Não convencidos da existência do éter, dois cientistas norte americanos, Albert Abraham Michelson e Edward Morley, criaram um experimento engenhoso para a época, com espelhos e rodas dentadas, que permitiu a medição da velocidade da luz em relação ao Éter. E, surpreendentemente, a existência do éter não foi comprovada; ao contrário, a sua existência não era necessária para a propagação da luz e nem de nenhuma outra onda eletromagnética!

Experimento Michelson-Morley

Uma imagem do experimento de Michelson-Morley utilizado para o cálculo da velocidade da luz em relação ao Éter Luminífero.


Esta surpreendente descoberta propiciou a explicação da Teoria da Relatividade criada por Einstein.

Ainda no final do século XIX, a Física Nuclear começa o seu desenvolvimento, com a descoberta do raio-x por Wilhelm Conrad Röntgen, em 1885. E continuou com a descoberta de Becquerel da radioatividade (desintegração espontânea de núcleos atômicos) e do estudo de núcleos atômicos por Pierre e Marie Curie, iniciando-se assim os estudos da Física Nuclear.

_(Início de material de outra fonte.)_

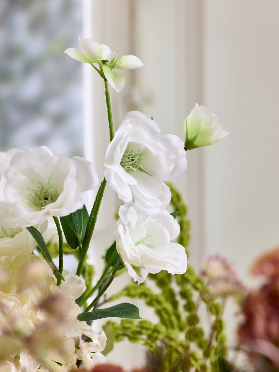 "These flowers bring a sense of everlasting beauty to any room," Clara says, arranging the artificial blooms. Anna adds, "They add a touch of charm without the need for watering, perfect for a cosy home."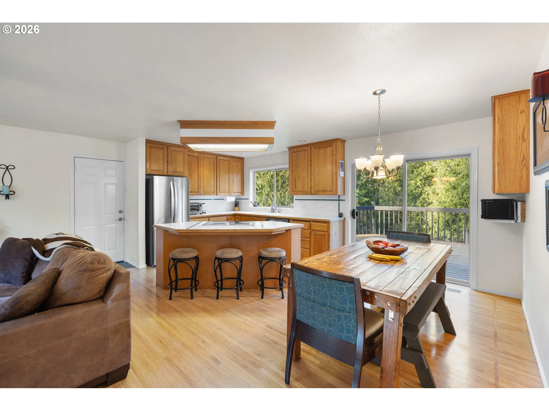 Welcome To This Rare, Private 2-acre Daylight Ranch Nestled In A Serene, Tree-surrounded Setting Along Abernathy Creek. This Truly Special Property Offers Peaceful Seclusion With Beautiful Natural Views In Every Direction. The Main Level Features A Spacious Open Floor Plan, Ideal For Both Everyday Living And Entertaining. The Kitchen Includes An Island Perfect For Gatherings, While The Primary Bedroom On The Main Level Offers An Ensuite Bathroom And An Oversized Walk-in Closet. A Convenient Laundry Room With A Sink Is Also Located On The Main Floor For Ease Of Living Enjoy The Tranquil Surroundings From The Expansive Wraparound Deck Or Through The Many Large Windows That Bring The Outdoors In. The Lower Level Includes A Generous Family Room With High Ceilings, A Cozy Wood-burning Stove, And Two Additional Bedrooms.outside, You’ll Find A Gazebo, Garden Shed, An 18 X 20 Aluminum Shop With A Gravel Floor—perfect For Hobbies, Storage, Or Projects. This Property Is A Rare Blend Of Privacy, Nature, And Comfortable Living. Cameras On Property And Showings By Appointment Only.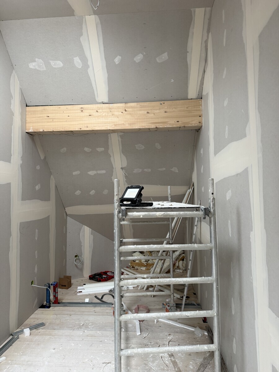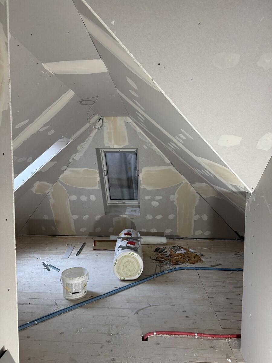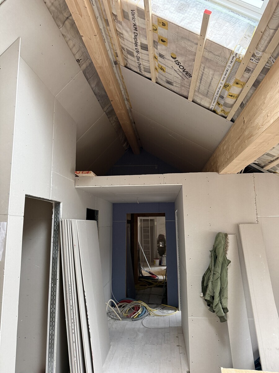 Wir sanieren derzeit das Dachgeschoss in der Rosenaustrasse 29 und dabei entstehen 2 neue Wohneinheiten mit 58/59 qm Grundfläche. Diese 3 ZKB Dachgeschosswohnung wird voraussichtlich im Februar 26 fertiggestellt. Das Gebäude wurde im Jahr 1913 gebaut und steht unter „Ensembleschutz“, die kennzeichnenden Elemente sind beispielsweise die Erker, vertiefte Eingänge und Fenster mit Sprossenteilung und Klappläden.
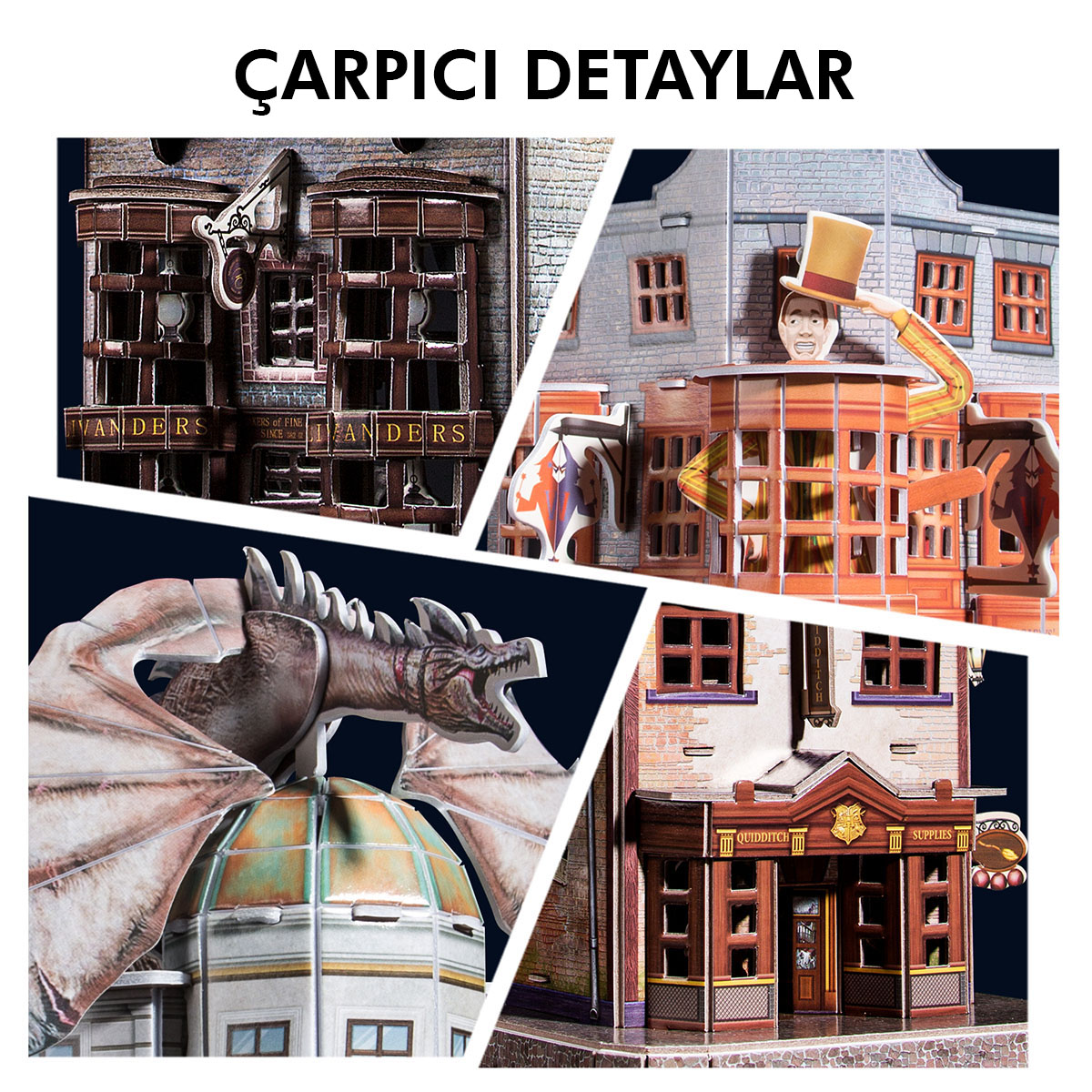 Quidditch kaliteli ürünler dükkanı, Olivanders asa dükkanı ve Zonko şaka

Por fim, J.J. Thomson descobre o elétron, partícula de carga negativa, e muda as concepções sobre os modelos nucleares até então admitidos.

Thomson cria o modelo atômico conhecido como "Pudim de Passas", onde os prótons e elétrons estavam em meio a um meio que "transmitia" as cargas e ligações elétricas. Este modelo foi aceito até o meio do século XX, quando surgiram os modelos atômicos mais modernos.